To compare the sensitivities to presaccadic and postsaccadic images and combinations thereof across cells, we combined the three relevant entries of each Fourier transformed response matrix [(0, 1), (1, 0), and (3, 1)] into a three-component vector and normalized it (see Materials and Methods). For each response time window, its elements thus characterize the sensitivity of a given cell to the starting position, to the target position, and to change in the fixated stimulus pattern across the saccade. Examining this vector for the first response window for each ganglion cell (Fig. 2D) shows that this response window was generally only sensitive to the starting position, as the other two Fourier components for target position and change sensitivity were always near zero. This was expected, as the first response occurs too early to be affected by the new fixation and is thus mostly elicited by the offset of the starting position grating. The second response, on the other hand, was dominated by the components corresponding to sensitivity to the target position and to change, with considerable differences in the magnitude of these two components between individual cells, but with generally little sensitivity to the starting position alone (Fig. 2E). Thus, this response component is typically affected by the target position of the grating and by combinations of the starting position with the target position, consistent with its occurrence several tens of milliseconds after the onset of the new fixation.
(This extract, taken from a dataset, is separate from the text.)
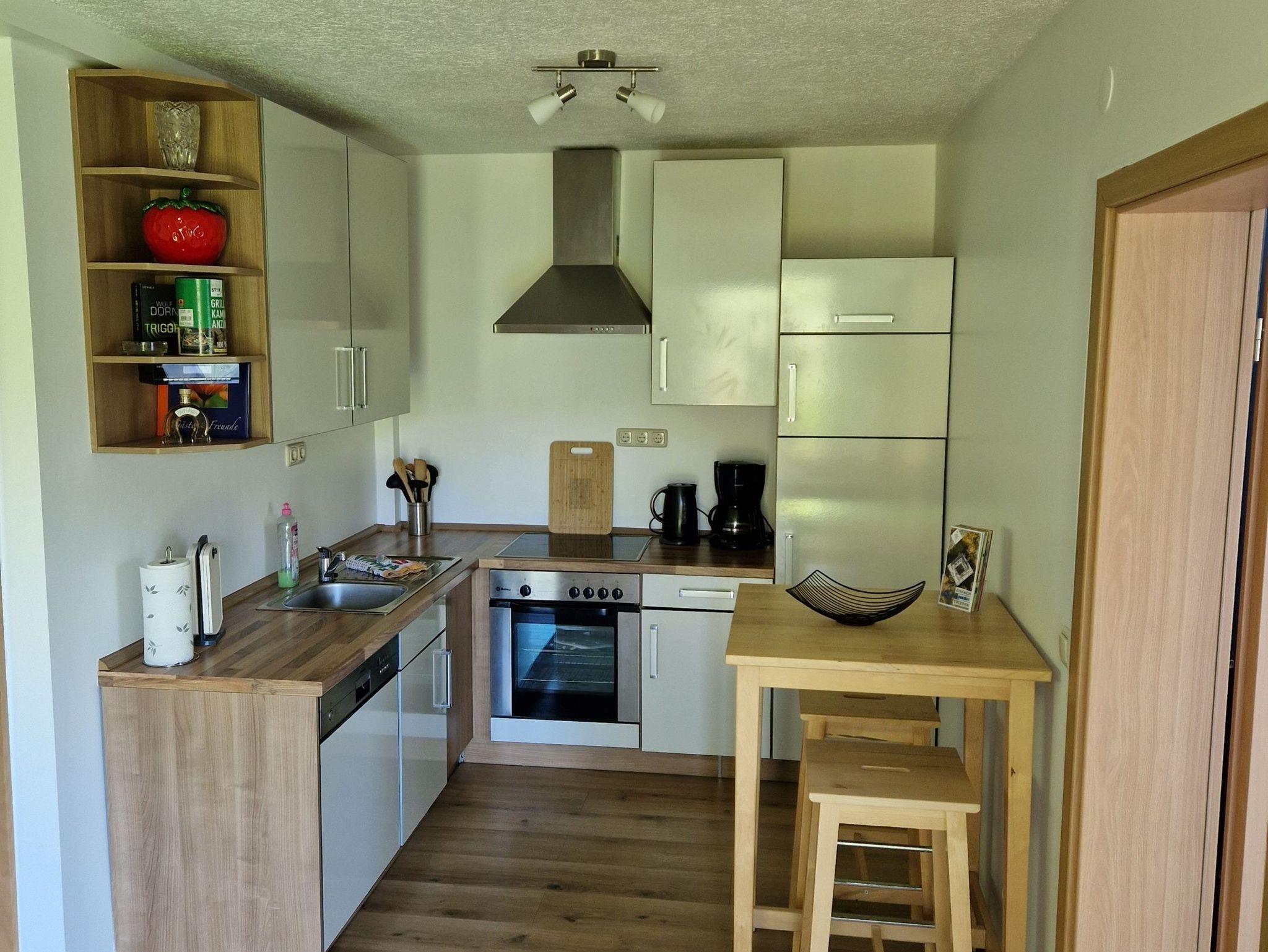Das Wohnzimmer ist mit einer Sitzecke, Fernseher und Kamin (statt Heizung) ausgestattet. Die moderne Küchenzeile verfügt über einen 4-Platten-Ceranherd mit Backofen, Kühlschrank mit Gefriermöglichkeit und Spülmaschine, Kaffeemaschine, Toaster etc. und ist im Wohnzimmer integriert. Das Bad mit Dusche/WC ist vollständig gefliest und mit einer Fußbodenheizung ausgestattet. Im Schlafzimmer befindet sich ein Doppelbett (1,40 m x 2,00 m) und eine Kleiderkommode. Das vorhandene Kinderreisebett oder die Aufbettung kann problemlos im Schlafzimmer aufgestellt werden (maximale Belegung 3 Personen). Die Terrasse und der gesamte Garten kann mitbenutzt werden. Bettwäsche und Handtücher sind bitte vom Gast mitzubringen. Der Parkplatz befindet sich auf dem Grundstück.

To jointly analyze the most relevant patterns of stimulus sensitivities during the first and second response window, we thus combined the sensitivity for the starting position of the first response with the target and change sensitivities of the second response to obtain a final three-component vector, which we call the sensitivity vector. The sensitivity vector describes the most pronounced response properties of a ganglion cell under our saccade stimulus (Fig. 2F). For example, the sensitivity vector for the sample cell of Figure 2A–C (Fig. 2D–F, large yellow dot) has large sensitivity values for the starting and the target position, but not for the change of position, reflecting the horizontal and vertical stripes in the response matrices of Figure 2B and the lack of a diagonal structure.

As the sensitivity vector provides a general characterization of the sensitivity of a cell to pre- and post-transition image information, we used it to reconfirm that there was no significant difference between motion and gray-screen transitions. For each cell, we calculated the sensitivity vector separately for each transition type and assessed their difference as the Euclidean distance between the two sensitivity vectors, normalized by the Euclidean norm of the standard sensitivity vector for the cell. This can be viewed as a relative deviation of the sensitivity profile under motion versus gray-screen transitions, and the small average (mean ± SD across all analyzed cells) value of 0.16 ± 0.13 indicated that sensitivity profiles varied little with transition type. In fact, the relative deviations are consistent with noise, as a corresponding analysis that split the data in half (regardless of the transition type) yielded comparable relative deviations of the sensitivity vectors of 0.12 ± 0.11 (mean ± SD), corroborating that the transition type has little influence on the sensitivity profile with respect to pre- and post-transition images.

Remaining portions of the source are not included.